_Records_.
[Start of section]

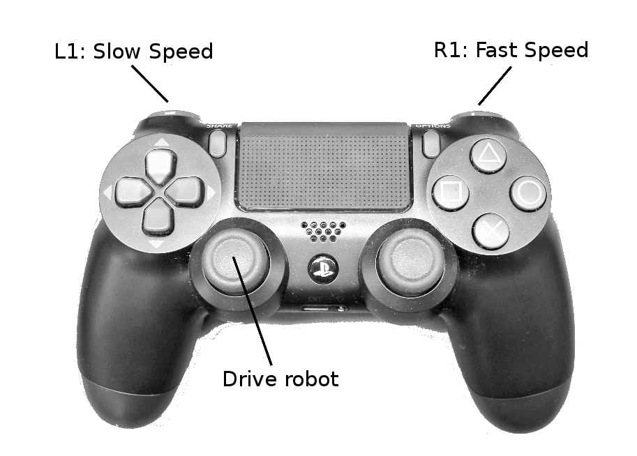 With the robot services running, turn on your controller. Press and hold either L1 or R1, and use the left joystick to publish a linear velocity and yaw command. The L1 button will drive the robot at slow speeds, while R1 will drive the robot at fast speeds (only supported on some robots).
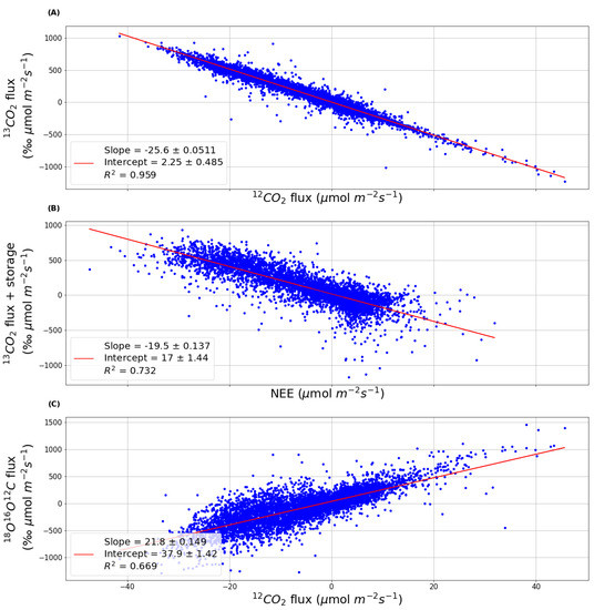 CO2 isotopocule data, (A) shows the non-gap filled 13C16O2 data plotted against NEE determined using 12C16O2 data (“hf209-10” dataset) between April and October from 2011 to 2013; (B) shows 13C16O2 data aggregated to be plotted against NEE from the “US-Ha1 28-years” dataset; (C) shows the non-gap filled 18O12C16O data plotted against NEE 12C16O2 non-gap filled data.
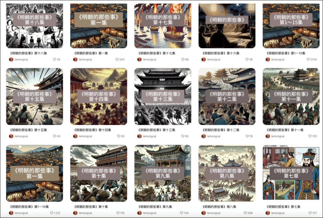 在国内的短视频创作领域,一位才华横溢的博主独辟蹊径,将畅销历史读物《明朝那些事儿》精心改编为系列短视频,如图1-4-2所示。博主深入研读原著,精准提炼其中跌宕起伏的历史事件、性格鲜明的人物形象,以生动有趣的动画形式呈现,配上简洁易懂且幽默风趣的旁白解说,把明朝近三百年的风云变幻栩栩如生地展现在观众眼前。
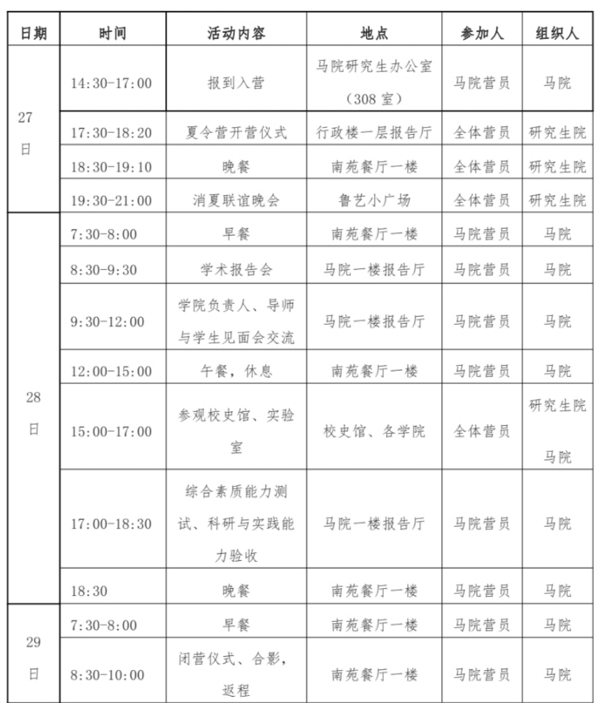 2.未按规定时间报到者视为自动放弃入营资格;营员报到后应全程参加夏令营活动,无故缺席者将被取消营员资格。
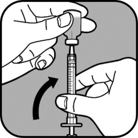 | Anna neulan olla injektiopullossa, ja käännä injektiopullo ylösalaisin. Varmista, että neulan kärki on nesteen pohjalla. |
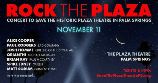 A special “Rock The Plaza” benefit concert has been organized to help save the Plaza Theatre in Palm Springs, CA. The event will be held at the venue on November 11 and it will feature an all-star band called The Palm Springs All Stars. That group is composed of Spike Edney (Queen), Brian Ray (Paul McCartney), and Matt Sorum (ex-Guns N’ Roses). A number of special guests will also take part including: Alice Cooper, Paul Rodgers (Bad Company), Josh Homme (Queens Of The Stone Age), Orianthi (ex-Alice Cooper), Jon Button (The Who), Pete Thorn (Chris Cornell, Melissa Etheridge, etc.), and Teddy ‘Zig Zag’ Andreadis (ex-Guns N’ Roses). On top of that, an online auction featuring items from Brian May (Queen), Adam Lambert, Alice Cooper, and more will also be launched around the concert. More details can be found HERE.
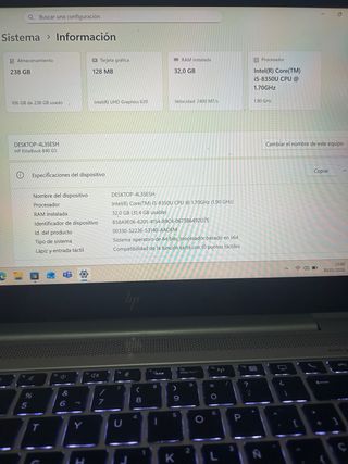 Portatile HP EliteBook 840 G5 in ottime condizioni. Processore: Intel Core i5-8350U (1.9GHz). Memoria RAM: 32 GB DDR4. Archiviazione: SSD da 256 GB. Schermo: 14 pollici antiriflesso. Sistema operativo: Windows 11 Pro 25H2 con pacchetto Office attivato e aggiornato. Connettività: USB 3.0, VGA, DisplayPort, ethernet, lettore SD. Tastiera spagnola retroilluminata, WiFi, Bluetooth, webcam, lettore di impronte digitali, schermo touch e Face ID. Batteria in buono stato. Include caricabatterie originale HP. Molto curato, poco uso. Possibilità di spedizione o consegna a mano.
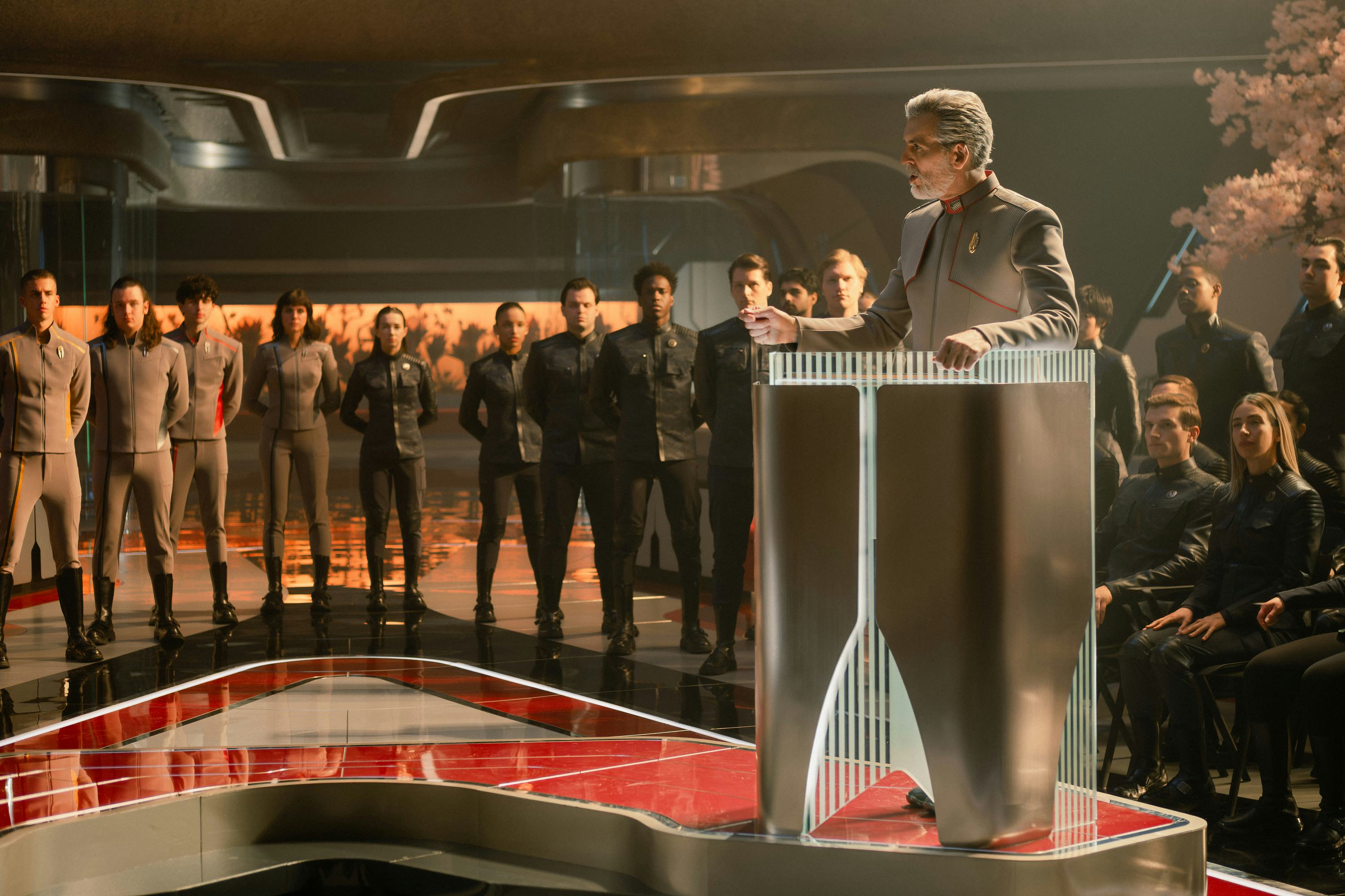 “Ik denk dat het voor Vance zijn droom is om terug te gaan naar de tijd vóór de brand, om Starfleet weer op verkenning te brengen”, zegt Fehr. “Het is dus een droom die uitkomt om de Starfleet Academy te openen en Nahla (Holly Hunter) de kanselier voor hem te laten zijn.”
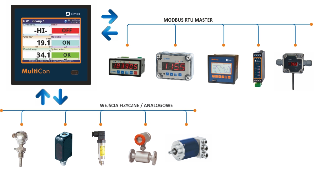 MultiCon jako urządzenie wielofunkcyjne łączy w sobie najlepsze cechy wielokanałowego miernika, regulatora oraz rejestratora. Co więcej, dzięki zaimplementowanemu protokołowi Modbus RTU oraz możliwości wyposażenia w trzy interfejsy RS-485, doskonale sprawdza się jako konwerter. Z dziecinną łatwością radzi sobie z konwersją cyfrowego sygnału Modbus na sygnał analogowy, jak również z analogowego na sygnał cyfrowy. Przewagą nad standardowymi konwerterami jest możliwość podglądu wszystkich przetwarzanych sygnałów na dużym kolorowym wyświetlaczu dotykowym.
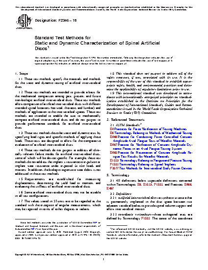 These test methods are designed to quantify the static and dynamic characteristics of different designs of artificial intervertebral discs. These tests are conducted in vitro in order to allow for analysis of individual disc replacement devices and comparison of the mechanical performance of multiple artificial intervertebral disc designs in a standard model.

[End of section]
[Start of section]

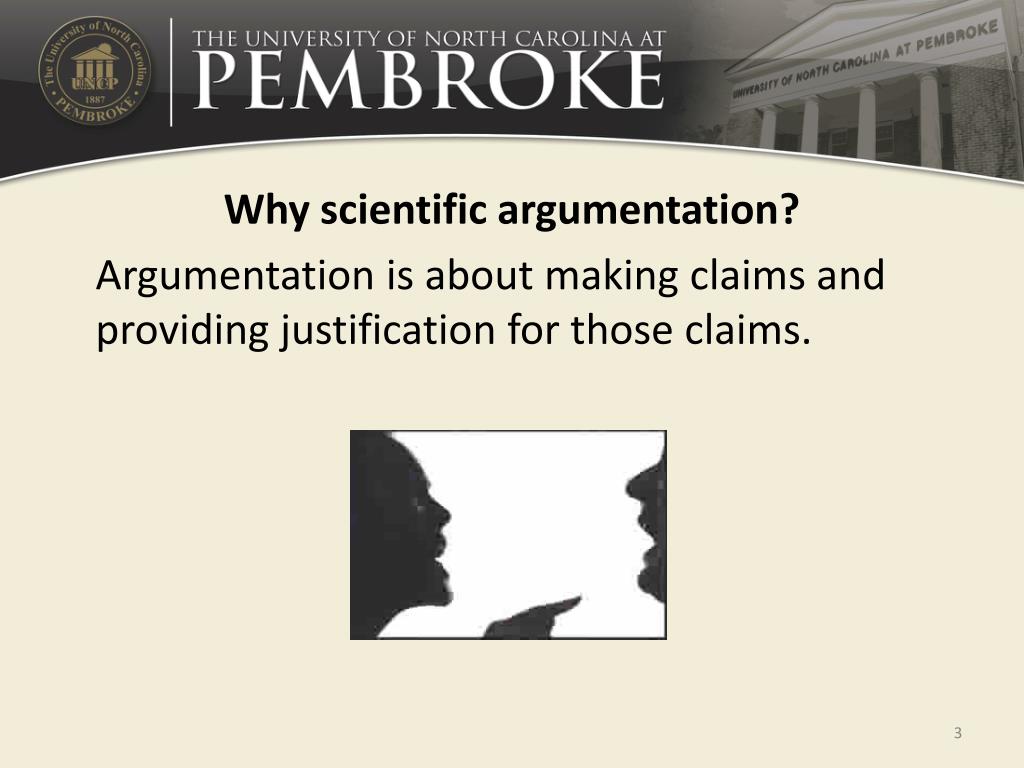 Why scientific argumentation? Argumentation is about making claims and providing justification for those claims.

[End of section]
[Start of section]

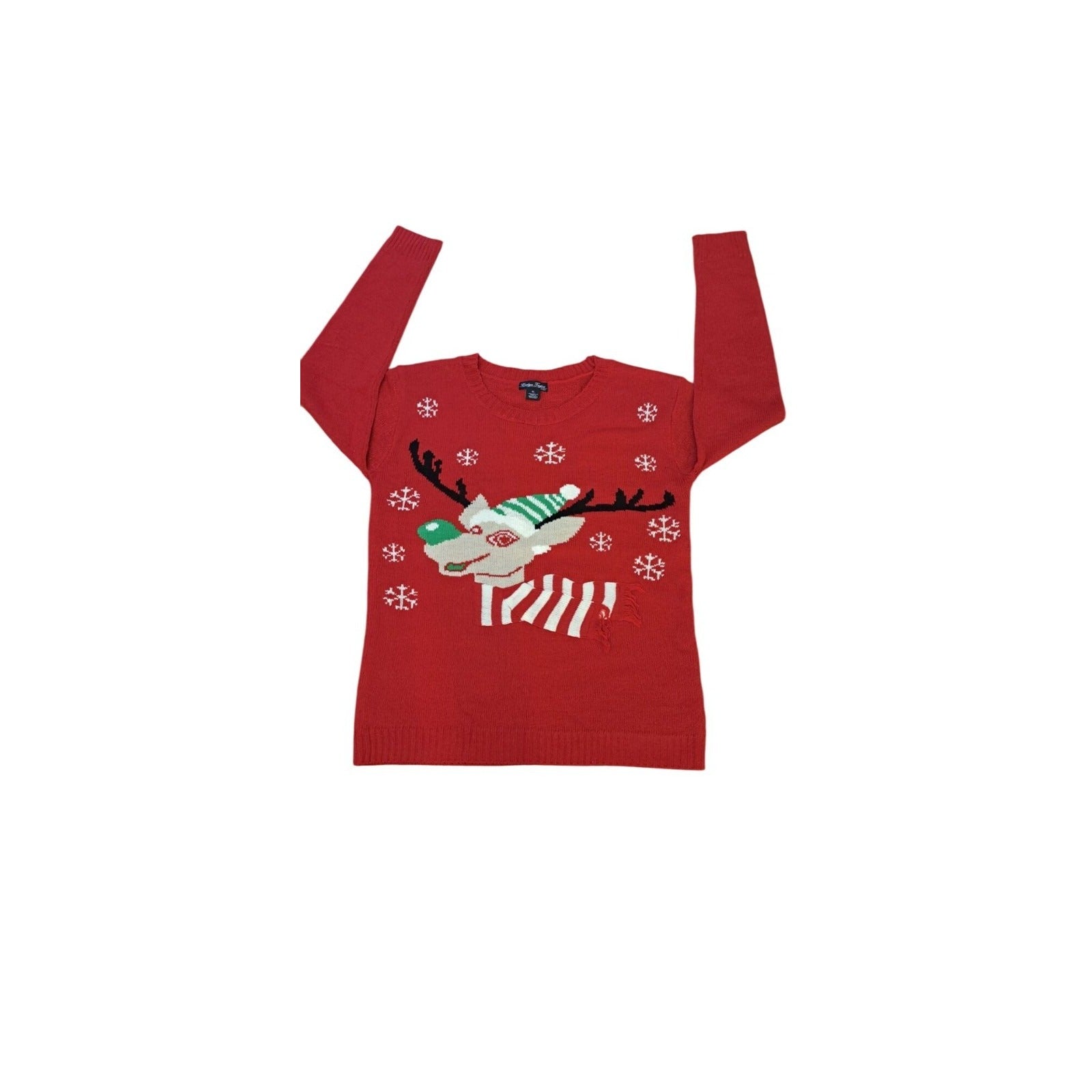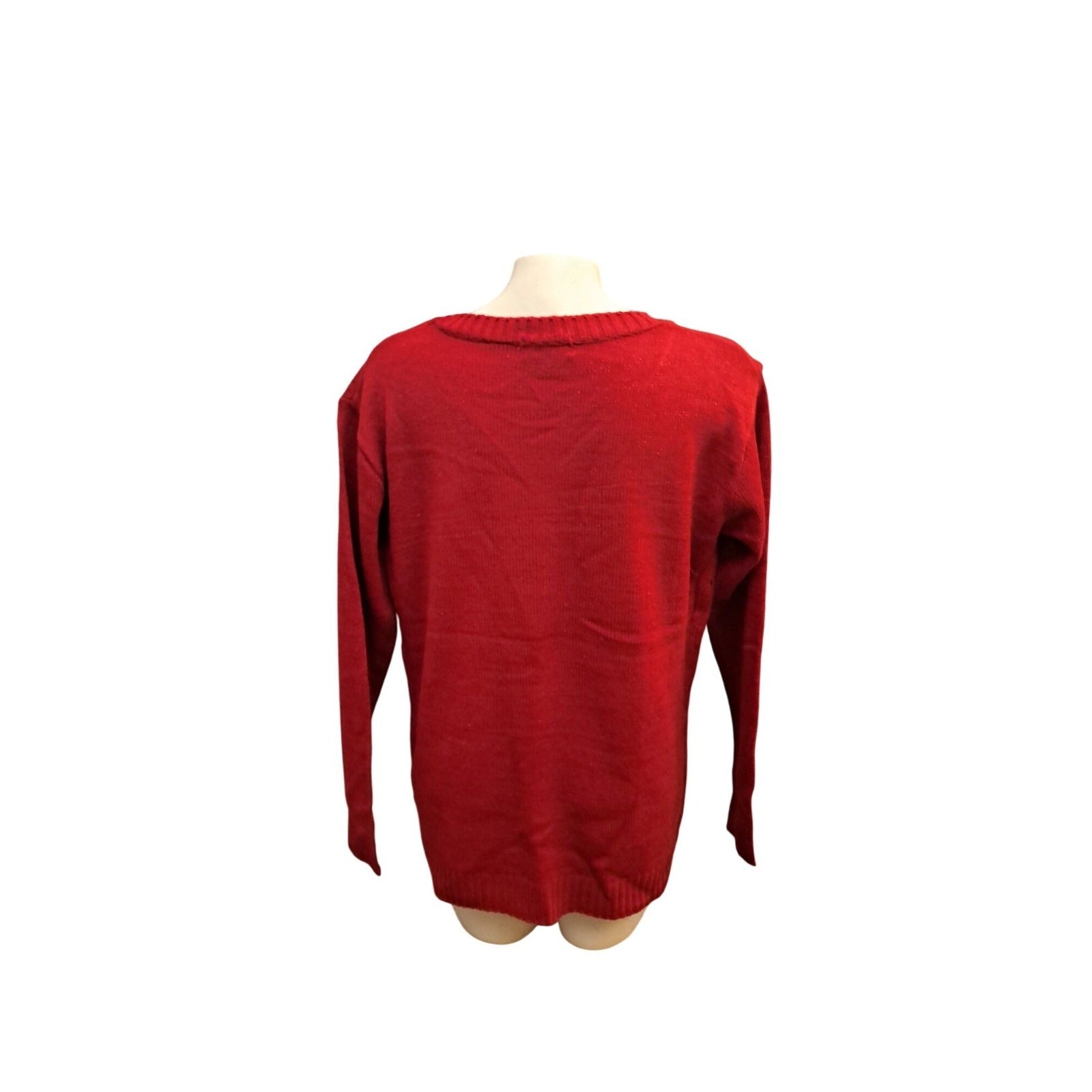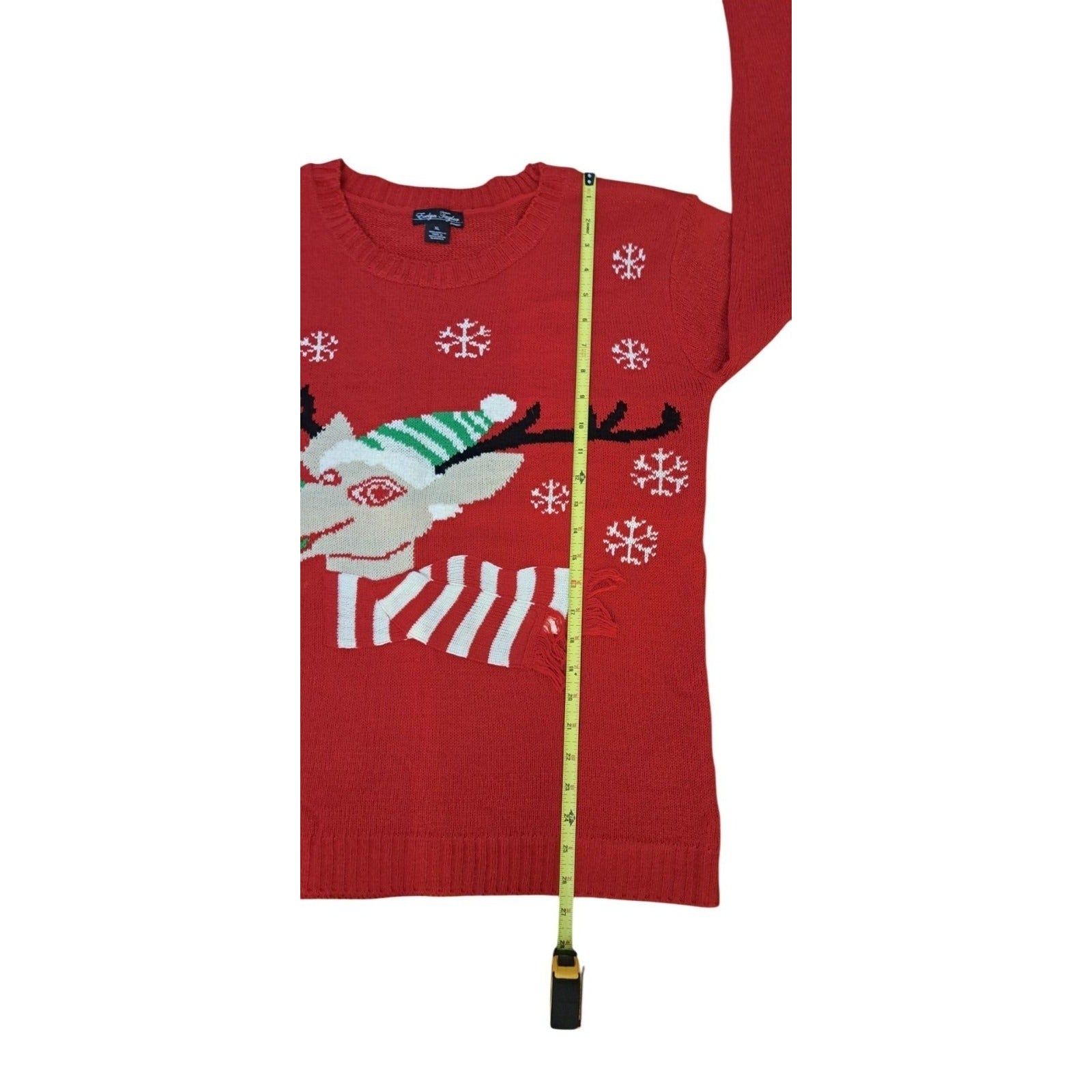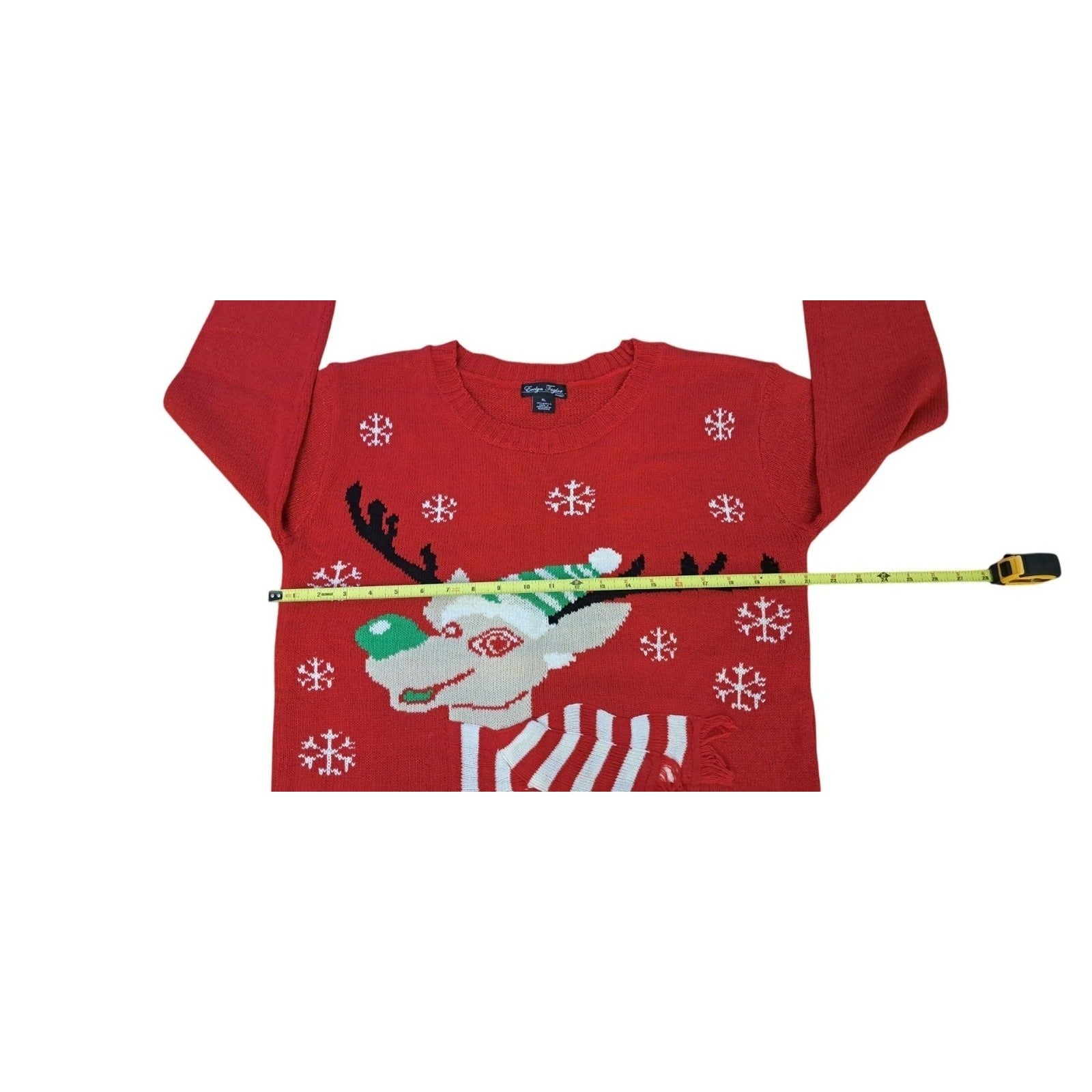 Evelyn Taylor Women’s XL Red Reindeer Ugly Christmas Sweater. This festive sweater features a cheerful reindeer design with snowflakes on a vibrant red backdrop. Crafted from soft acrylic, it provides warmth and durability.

[End of section]

Write out word for word the lines of the listing above from the line with "2.未按规定时间报到者视为自" to the line with "Portatile HP EliteBook", taking in both of those lines but no pictures.

_Output of the task_.
 2.未按规定时间报到者视为自动放弃入营资格;营员报到后应全程参加夏令营活动,无故缺席者将被取消营员资格。
 | Anna neulan olla injektiopullossa, ja käännä injektiopullo ylösalaisin. Varmista, että neulan kärki on nesteen pohjalla. |
 A special “Rock The Plaza” benefit concert has been organized to help save the Plaza Theatre in Palm Springs, CA. The event will be held at the venue on November 11 and it will feature an all-star band called The Palm Springs All Stars. That group is composed of Spike Edney (Queen), Brian Ray (Paul McCartney), and Matt Sorum (ex-Guns N’ Roses). A number of special guests will also take part including: Alice Cooper, Paul Rodgers (Bad Company), Josh Homme (Queens Of The Stone Age), Orianthi (ex-Alice Cooper), Jon Button (The Who), Pete Thorn (Chris Cornell, Melissa Etheridge, etc.), and Teddy ‘Zig Zag’ Andreadis (ex-Guns N’ Roses). On top of that, an online auction featuring items from Brian May (Queen), Adam Lambert, Alice Cooper, and more will also be launched around the concert. More details can be found HERE.
 Portatile HP EliteBook 840 G5 in ottime condizioni. Processore: Intel Core i5-8350U (1.9GHz). Memoria RAM: 32 GB DDR4. Archiviazione: SSD da 256 GB. Schermo: 14 pollici antiriflesso. Sistema operativo: Windows 11 Pro 25H2 con pacchetto Office attivato e aggiornato. Connettività: USB 3.0, VGA, DisplayPort, ethernet, lettore SD. Tastiera spagnola retroilluminata, WiFi, Bluetooth, webcam, lettore di impronte digitali, schermo touch e Face ID. Batteria in buono stato. Include caricabatterie originale HP. Molto curato, poco uso. Possibilità di spedizione o consegna a mano.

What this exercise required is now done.